[[ SUPPLIED INFORMATION open ]]
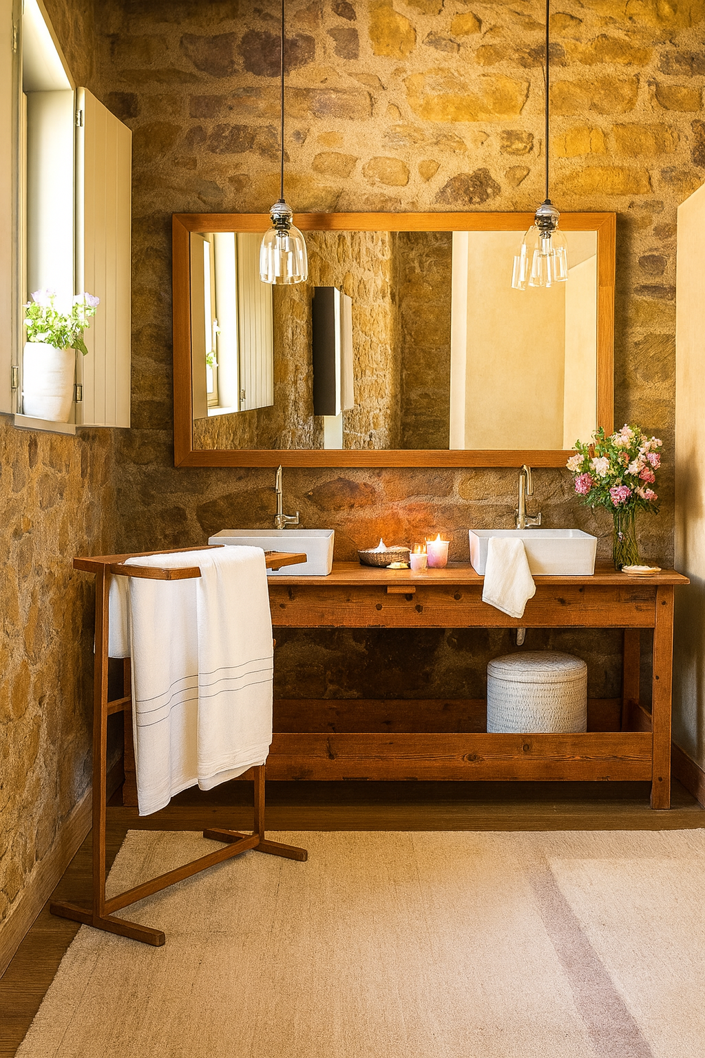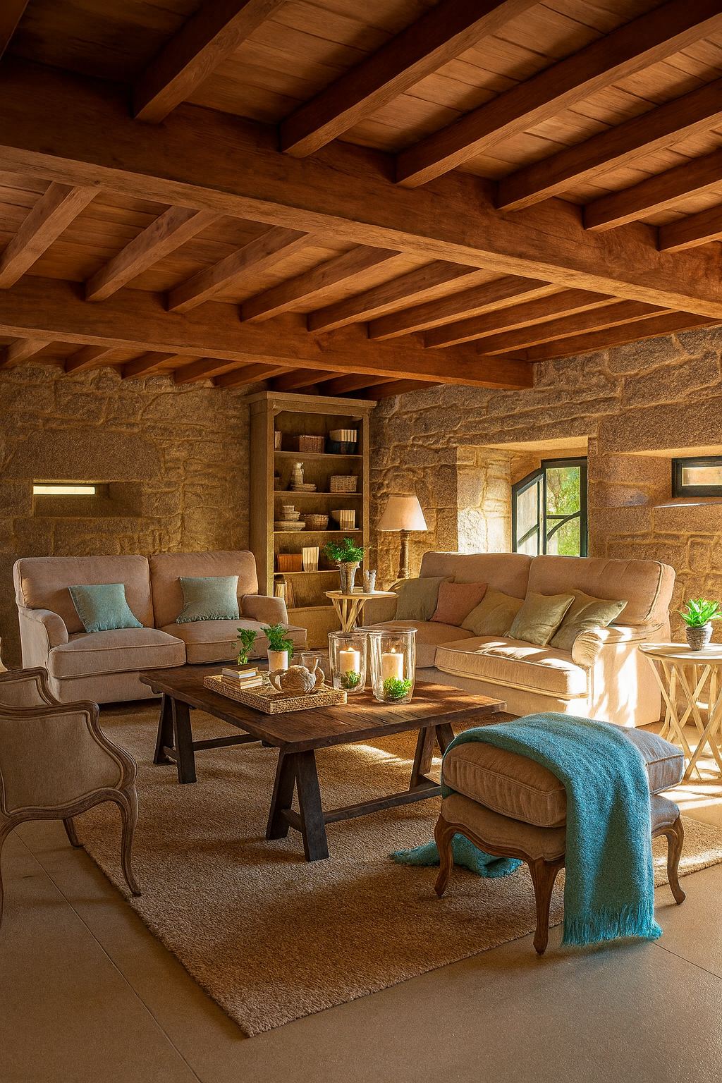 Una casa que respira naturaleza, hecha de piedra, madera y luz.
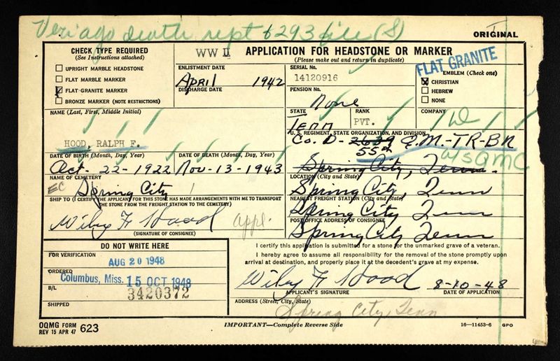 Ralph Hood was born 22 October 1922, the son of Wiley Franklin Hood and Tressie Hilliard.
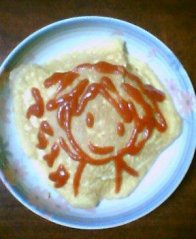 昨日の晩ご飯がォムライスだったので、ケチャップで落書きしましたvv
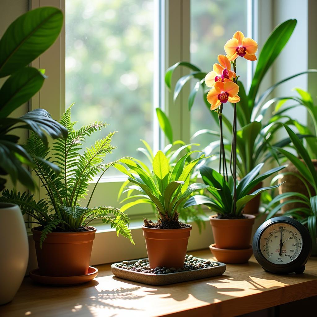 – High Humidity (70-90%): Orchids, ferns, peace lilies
[[ SUPPLIED INFORMATION closed ]]
Extract the run of lines from the line holding "昨日の晩ご飯がォムライスだったので、ケチャップで落書きしましたvv" through the final line of the material above, exactly and inclusively. Leave the pictures behind.

*ANSWER FOR THE TASK*
 昨日の晩ご飯がォムライスだったので、ケチャップで落書きしましたvv
 – High Humidity (70-90%): Orchids, ferns, peace lilies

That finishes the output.